Малоумная ложь о встрече Шамиля с Барятинским на Гунибе
Подробно в гл. 8 тома 3 «Пленение» имама Шамиля – событие, которого не было».
17 сентября 1859 года, в 73-м номере тифлисской газеты «Кавказ»[1] опубликована фарисейски-лицемерная ложь, обильно сдобренная «опереточными», «психологическими» комментариями.
Сочинитель «первоисточника» лже-монологов от имени Барятинского и Шамиля, которые и сейчас воспринимаются легковерными невеждами как стенографический протокол несуществующего «пленения» – «придворный борзописец», «один из восторженных лизоблюдов и панегиристов князя Барятинского»[2] –
корнет Арнольд Зиссерман:
«…Его Сиятельство [Барятинский] встретил Шамиля следующими словами:
«Шамиль, ты не принял условий, которые я тебе предлагал и не захотел приехать ко мне в лагерь; теперь я приехал за тобой.
Ты сам захотел предоставить войне решить дело, и война решила его в нашу пользу; теперь об этих условиях уже и речи нет; ты должен ехать в Петербург и там ожидать решения своей участи от милосердия Государя Императора; за одно тебе ручаюсь, – это за личную безопасность твою и всего твоего семейства. Для твоего сопровождения я назначил моего адъютанта, полковника Тромповского, и он употребит все, чтобы ты не терпел никаких лишений и недостатков».
Волнение Шамиля было так велико, он так растерялся, что не сказал в ответ ничего особенно замечательного, а все только хотел объяснить, что он боялся довериться нам, что был уже обманут, что поневоле сделался осторожным, наконец, что «как и мед, если его часто есть, надоедает, так и все на свете надоедает, так и ему уже надоели 30 лет войны, и что он рад покончить все и жить теперь мирно…»
Очевидно, это была фраза, сказанная в надежде, что его оставят жить дальше в горах, с условием не предпринимать ничего против нас.
Утопающий хватается за соломинку; но Шамиль хотел удерживаться еще на толстом канате, – волк хотел остаться в овчарне…
Понятно, что намеки эти остались без последствий, и ему еще раз было повторено, что он взят силою оружия, что условий никаких он просить не может, что жизнь его будет цела; но будущая судьба зависит от милосердия Его Императорского Величества.
Затем Главнокомандующий уехал с Гуниба, приказав Шамилю ехать за ним»[3].
Начальник штаба Кавказской армии генерал-фельдмаршал Д. А. Милютин разоблачает мифологемы-фальшивки – лексические несуразности, софистские выверты «мародеров» от исторической науки, свидетельствует о продолжительности переговоров:
«Объяснение было очень непродолжительно: минуты две, много три»[4].

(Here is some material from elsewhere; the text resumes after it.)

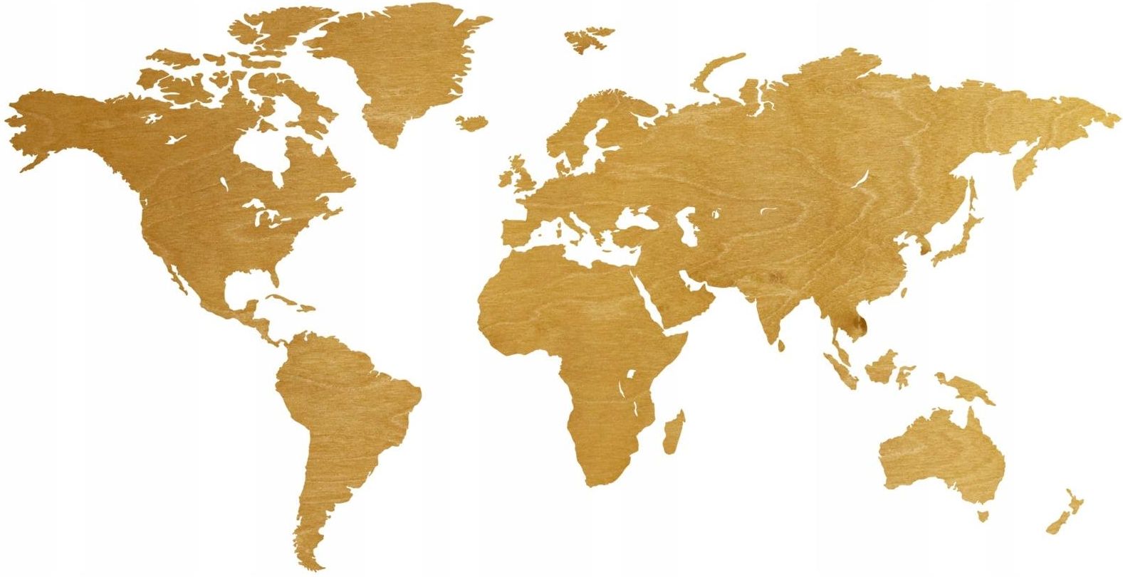 Dekoracja drewniana na ścianę Mapa świata Kod produktu: DS-20-003-06B Drewniana dekoracja na ścianę - mapa świata. Materiał: sklejka 6 mm. Wymiary mapy: 130 x 66 cm. Kolor: orzech włoski, malowane bejcą. Do zestawu dodajemy szablon dekoracji, aby prawidłowo nakleić ją na ścianę. Dekoracja cięta laserem, przez co przez pierwsze godziny może pachnieć typowym zapachem ciętego drewna. Komplet nie zawiera mocowania. Dekorację można przykleić za pomocą taśmy dwustronnej, na plastry do mocowania dekoracji itp. Niektóre drobne elementy wysp (np. Majorka), mogą być zbyt małe na dołączenie do zestawu oraz z powodu małych rozmiarów ciężkie do odpowiedniego naklejenia.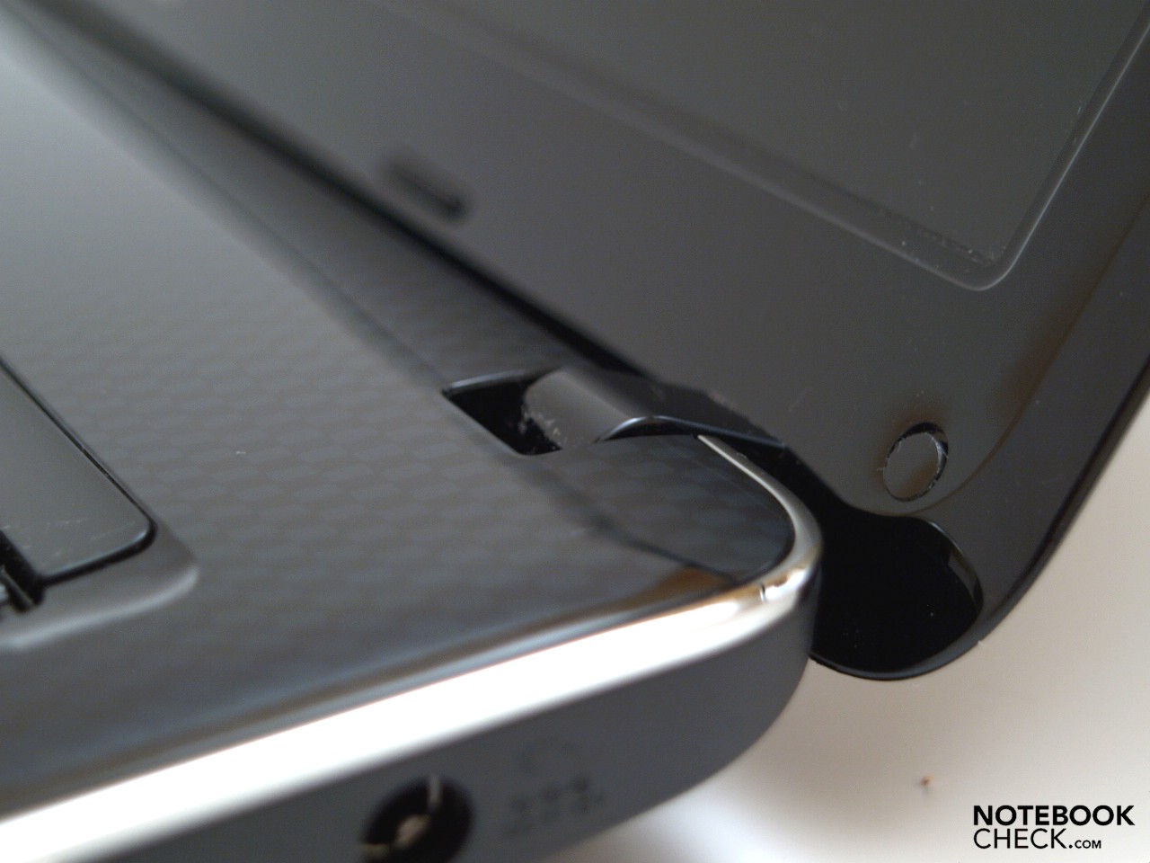 Mit ausschließlich Kunststoffoberflächen erweist sich die Basiseinheit als sehr verwindungsfest und ausreichend druckstabil. Die Handballenablagen geben allerdings auch unter leichtem Druck nach, wobei mitunter auch ein Knacken zu vernehmen ist. Der Akku sitzt auch nicht absolut fest im Gehäuse und kann leicht hin und her bewegt werden. Der sehr dünne Displaydeckel quittiert ein Anheben an einem Eck zwar nur mit mäßigen Verwindungen, dafür knarrt es teilweise. Bildveränderungen am eingeschalteten Bildschirm konnten dabei aber nicht beobachtet werden. Punktuelle Druckeinwirkung von außen kann der Bildschirmdeckel deutlich besser parieren.

Никакие мифические, надуманные, пространные и высокопарные монологи Барятинского, с пафосом предоставляемые царской пропагандой и якобы «невразумительные» ответы Шамиля не могли иметь места по причине нехватки времени.
По установленным данным, имам Шамиль 25 августа 1859 года вышел на встречу с наместником на Кавказе А. Барятинским на закате. Солнце на Гунибе 25 августа (7 сентября по новому стилю) заходит в 18:10 – 18:15. Долговременные переговоры, обмен объемистыми тирадами, да еще с участием переводчиков, не могли иметь места в день встречи на Гунибе. Ночь в горах наступает быстро, и Шамиль с Барятинским могли оказаться в темноте.